BEIRUT: General Security Chief Maj. Gen. Abbas Ibrahim said Tuesday he was in contact with the kidnappers of the Syrian bishops through a third party, describing the case of the prelates as more complicated than that of the recently freed Lebanese pilgrims.
“About a month ago, I was able to contact a person who specified the location of the bishops and we began our negotiations on such basis,” Ibrahim said during a series of internal General Security meetings, according to a statement issued by the body's General Directorate.
“We are now indirectly in contact with the kidnappers, and that is a major development which we will use as a starting point to reach desired results,” he added, saying his agency’s most important task today was resolving the case of the bishops.
Aleppo’s Greek Orthodox Archbishop Paul Yazigi and Syriac Orthodox Archbishop Yohanna Ibrahim were abducted in April by armed men near the Turkish border with Syria.
The Qatari emir vowed last week during talks with Lebanese Maronite Patriarch Beshara Rai and Ibrahim in Doha to exert efforts to help secure the bishops' release.
Ibrahim, who has been tasked by Lebanon to follow up on the case, said the circumstances surrounding the bishops' abduction were more complex than the those involved in the case of nine Shiite Lebanese pilgrims who were freed earlier this after 17 months in Syrian rebel captivity.

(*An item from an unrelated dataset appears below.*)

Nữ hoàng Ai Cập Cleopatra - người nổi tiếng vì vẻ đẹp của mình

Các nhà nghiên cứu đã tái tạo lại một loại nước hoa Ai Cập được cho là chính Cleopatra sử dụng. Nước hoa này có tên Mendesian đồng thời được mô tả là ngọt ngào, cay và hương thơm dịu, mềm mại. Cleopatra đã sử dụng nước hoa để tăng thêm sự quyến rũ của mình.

In securing the pilgrims' release, Ibrahim mediated between Turkey, Syria and Qatar. Ibrahim's mediation in the case also secured the freeing of two Turkish Airlines pilots held in Beirut.

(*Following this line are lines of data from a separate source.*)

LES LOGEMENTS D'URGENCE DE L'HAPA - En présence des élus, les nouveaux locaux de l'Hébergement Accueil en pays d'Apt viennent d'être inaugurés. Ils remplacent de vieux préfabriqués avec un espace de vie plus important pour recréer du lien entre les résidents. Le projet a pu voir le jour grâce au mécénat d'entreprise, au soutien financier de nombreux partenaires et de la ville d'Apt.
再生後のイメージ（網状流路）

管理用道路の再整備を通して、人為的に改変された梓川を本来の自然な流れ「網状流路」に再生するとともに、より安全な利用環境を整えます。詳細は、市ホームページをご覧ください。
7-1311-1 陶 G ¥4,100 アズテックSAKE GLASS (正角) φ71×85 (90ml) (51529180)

With the Lebanese case, Ibrahim said, the kidnappers were known because they had appeared on television stations. This placed the rebels in a difficult position, the General Security chief said.

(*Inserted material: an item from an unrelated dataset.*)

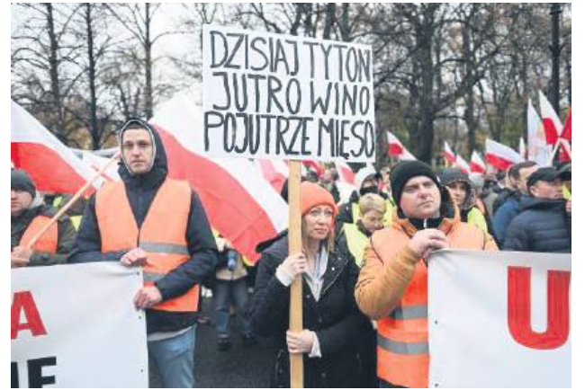
Symbolicznym gestem było wręczenie beli tytoniu owiniętej w czarny kir – znaku żałoby po przyszłości polskiej wsi i rodzimej produkcji.

– Rząd musi stanąć w obronie rolników. Mówimy NIE dla

“We knew who we were negotiating with and the kidnappers could not do as they pleased with the Lebanese due to their appearances on television and interviews with local media,” he said.
“But the case of the bishops is different since nobody has claimed responsibility yet and the priest [who was driving the bishops] was immediately killed to eliminate witnesses [during the abduction],” Ibrahim said, adding that it took him four months to locate the bishops and the party holding them.
Ibrahim also defended his security agency against recent criticism that it has expanded its tasks to include abduction cases as well as operating domestic security checkpoints.
“We were criticized for setting up checkpoints in the southern suburbs and the north, but [the critics] do not know that such a task is part of our prerogative even though it not a task usually carried out by the agency,” Ibrahim said, referring to the participation of General Security personnel in security plans for some areas.
He said the agency was carrying out its role based on regulations and prerogative, saying that General Security’s task is “not exclusive to issuing passports and visas but has security and political aspects as well.”
While he spoke about the agency’s recent achievements, which include discovering terrorist cells, Ibrahim stressed that these successes were in the interest of all Lebanese.
“The recent achievements by the General Security are not personal ones but add to the record of the General Directorate ... the Lebanese state and the Lebanese people with all its components,” he said, denying allegations that the agency is on any particular side.
“I'm a Shiite and proud of that and every one of us should be the same with their own sect, but the most important thing is to place our religion in the service of the nation and not of our particular sect,” Ibrahim added.